RECORD EXTRACTS:
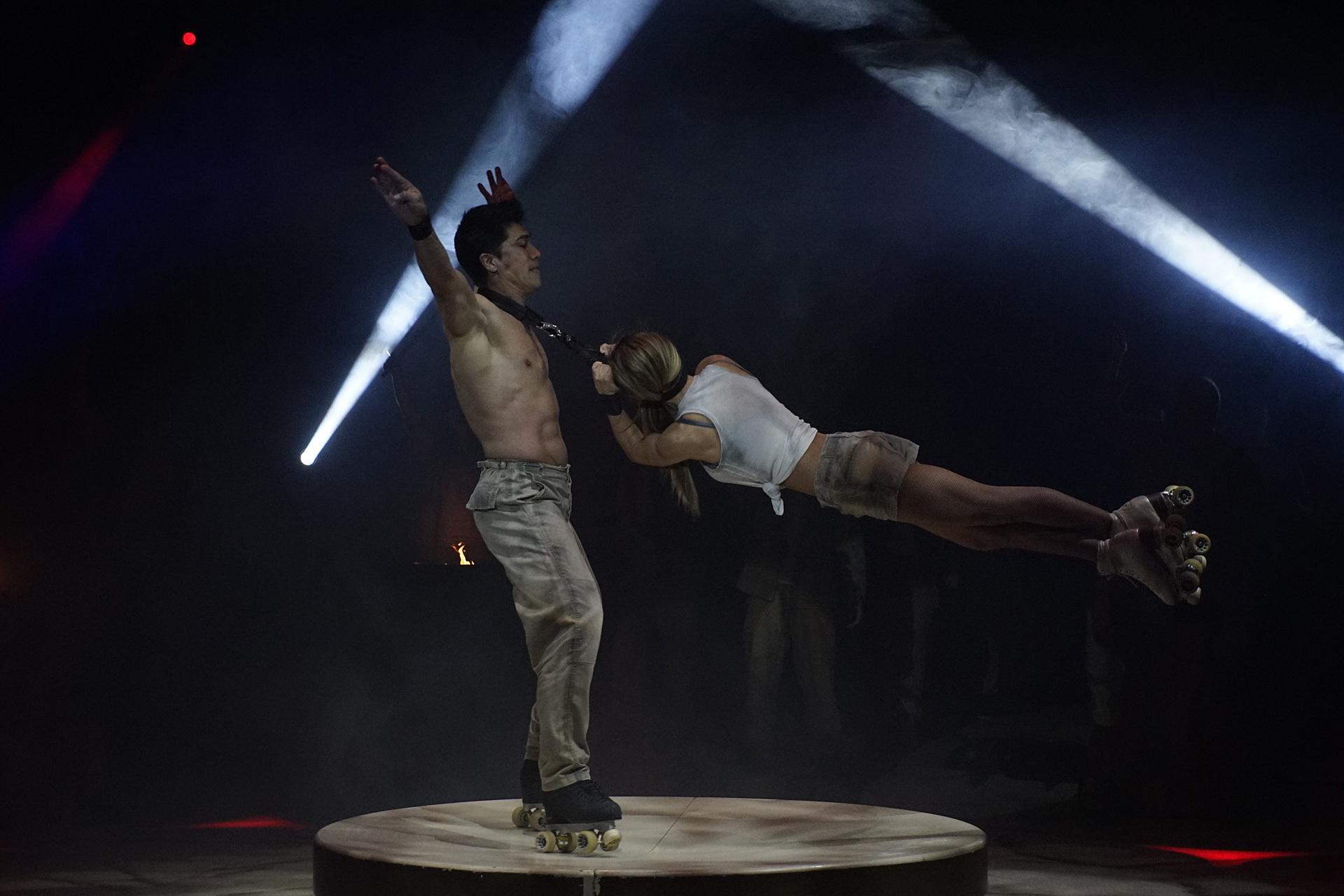 Showtechnisch ist das aktuelle Programm „Höchststrafe“ sowieso allererste Sahne: Die Artisten spielen in einem Gefängnisszenario aus Käfigen und Gittern, es geht um Flucht, Ausbruch, Schlägereien und Liebe hinter Gittern. Da schießen Feuerlohen hoch, da sprühen Fontänen aus Wasserbecken, da rotiert ein Rollschuhläuferpaar auf einem winzigen Podium. Zum Schluss donnert ein halbes Dutzend Motorradfahrer kreuz und quer durch eine Gitterkugel – und fliegt schließlich mit atemberaubenden Sprung-Stunts bis hoch unter die Zeltkuppel. Dem Zuschauer bleibt der Mund offen. Fast könnte man das Fotografieren vergessen. Oder zumindest das Scharfstellen am Objektiv.
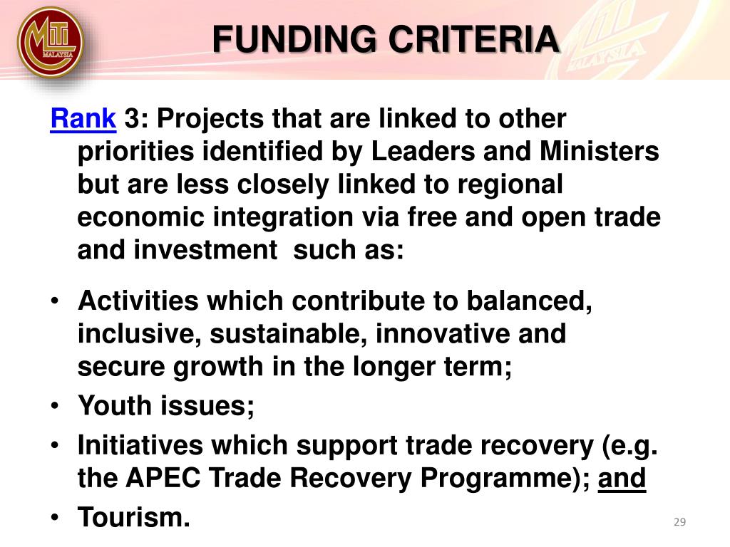 FUNDING CRITERIA Rank 3: Projects that are linked to other priorities identified by Leaders and Ministers but are less closely linked to regional economic integration via free and open trade and investment such as: • Activities which contribute to balanced, inclusive, sustainable, innovative and secure growth in the longer term; • Youth issues; • Initiatives which support trade recovery (e.g. the APEC Trade Recovery Programme); and • Tourism.
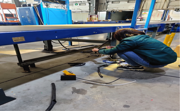 以往生产发现顶扫装置对总包袋牌、不平整面单及异形件面单识别率低,造成停机次数过多,扫描人员需要在顶扫处理位及分剔位来回补扫和重新启动皮带机,极大影响生产连续性和效率。为了更好利用顶扫设备,顺应生产,实现大范围减员,郭正谷工作室成员积极参与出口车间经济责任制团队流程变革加技术改造,实现了新的装车扫描流程。
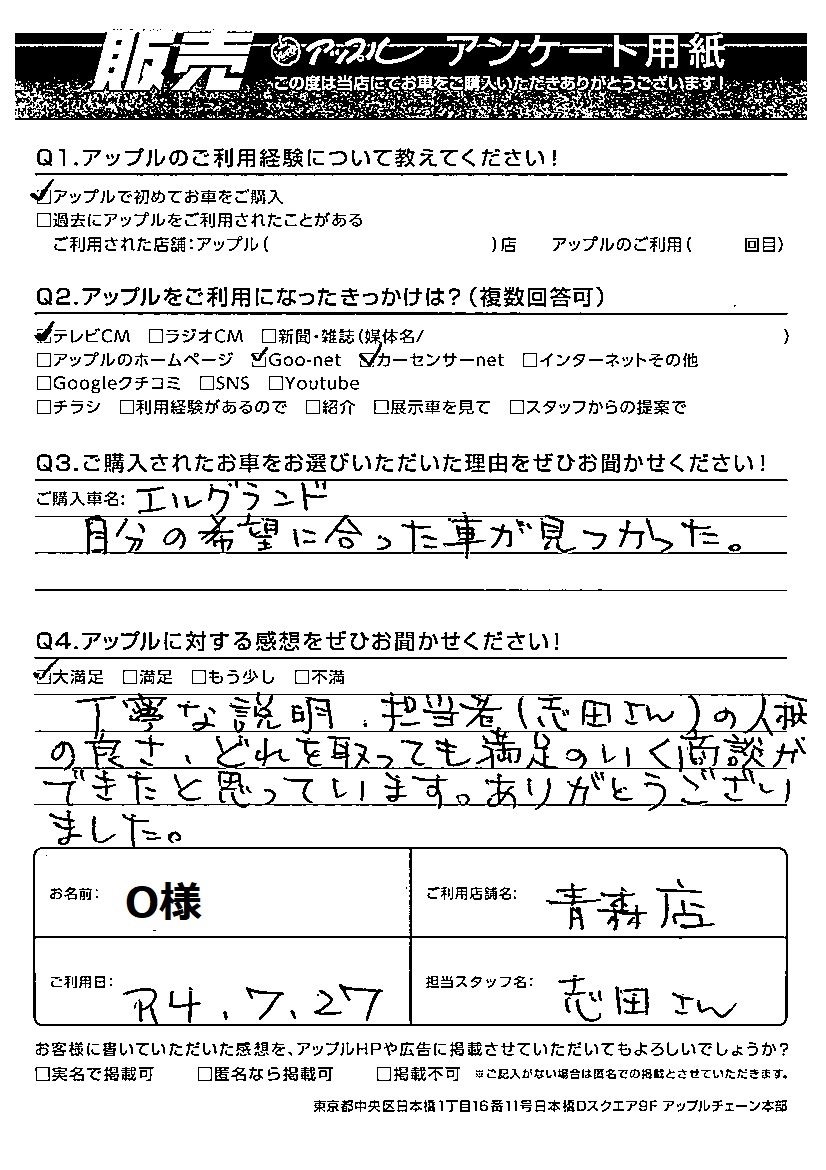 丁寧な説明、担当者(志田さん)の人柄の良さ、どれを取っても満足のいく商談ができたと思っています。
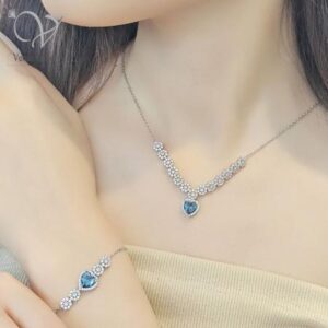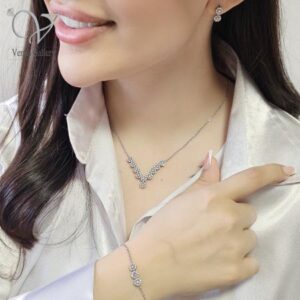 سرویس نقره جواهری قلبی ظریف زنجیری زنانه
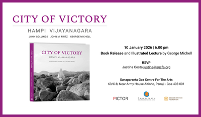 10 Jan 2026 to 10 Jan 2026Sunaparanta Goa Centre for the Arts, in association with Pictor Publishing and the Deccan Heritage Foundation, are pleased to announce the release of CITY OF VICTORY, a stunning visual presentation of one of Asia’s most magnificent historical places. The book brings to life the grandeur of the Vijayanagara empire through a sweeping narrative.
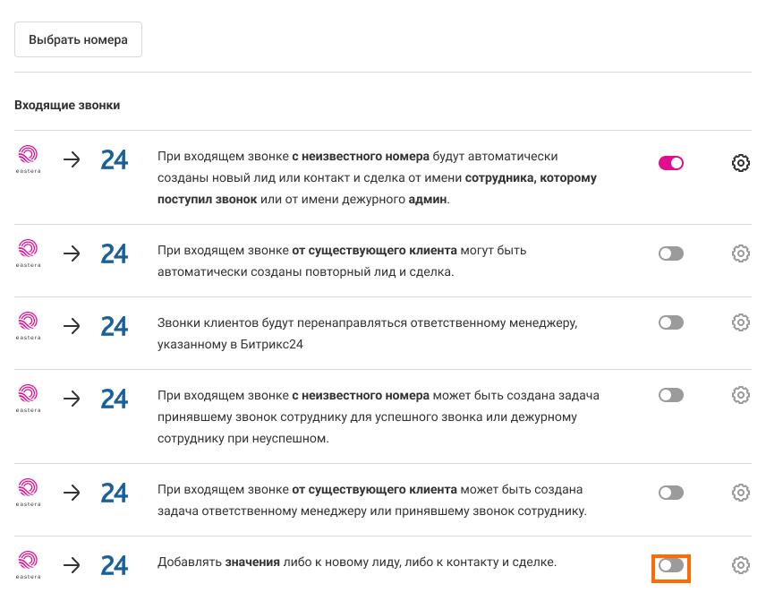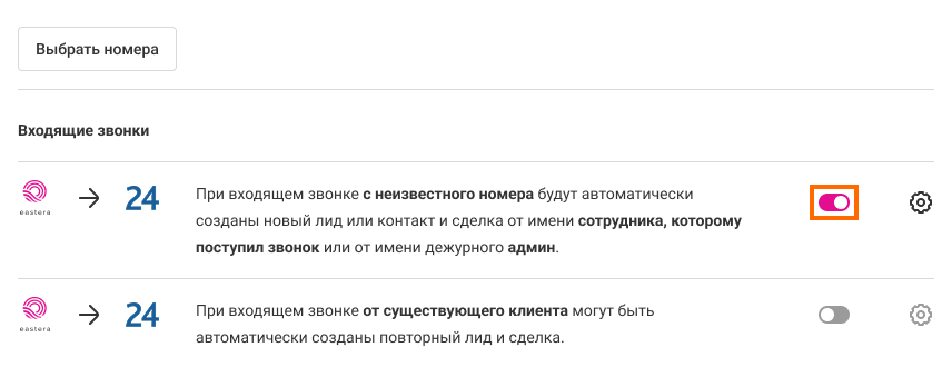 1. В интерфейсе АТС перейдите в: «Настройки» — «Интеграция с CRM» — «Интеграция с Битрикс24» — сценарии интеграции для входящих звонков. 2. Включите автоматическое создание лидов, контактов и сделок в интерфейсе АТС.

EXERCISE INSTRUCTIONS: Starting at the line containing "FUNDING CRITERIA Rank" and stopping at the line containing "丁寧な説明、担当者(志田さん", output each line exactly as it appears above. Leave out the pictures.

REPLY:
 FUNDING CRITERIA Rank 3: Projects that are linked to other priorities identified by Leaders and Ministers but are less closely linked to regional economic integration via free and open trade and investment such as: • Activities which contribute to balanced, inclusive, sustainable, innovative and secure growth in the longer term; • Youth issues; • Initiatives which support trade recovery (e.g. the APEC Trade Recovery Programme); and • Tourism.
 以往生产发现顶扫装置对总包袋牌、不平整面单及异形件面单识别率低,造成停机次数过多,扫描人员需要在顶扫处理位及分剔位来回补扫和重新启动皮带机,极大影响生产连续性和效率。为了更好利用顶扫设备,顺应生产,实现大范围减员,郭正谷工作室成员积极参与出口车间经济责任制团队流程变革加技术改造,实现了新的装车扫描流程。
 丁寧な説明、担当者(志田さん)の人柄の良さ、どれを取っても満足のいく商談ができたと思っています。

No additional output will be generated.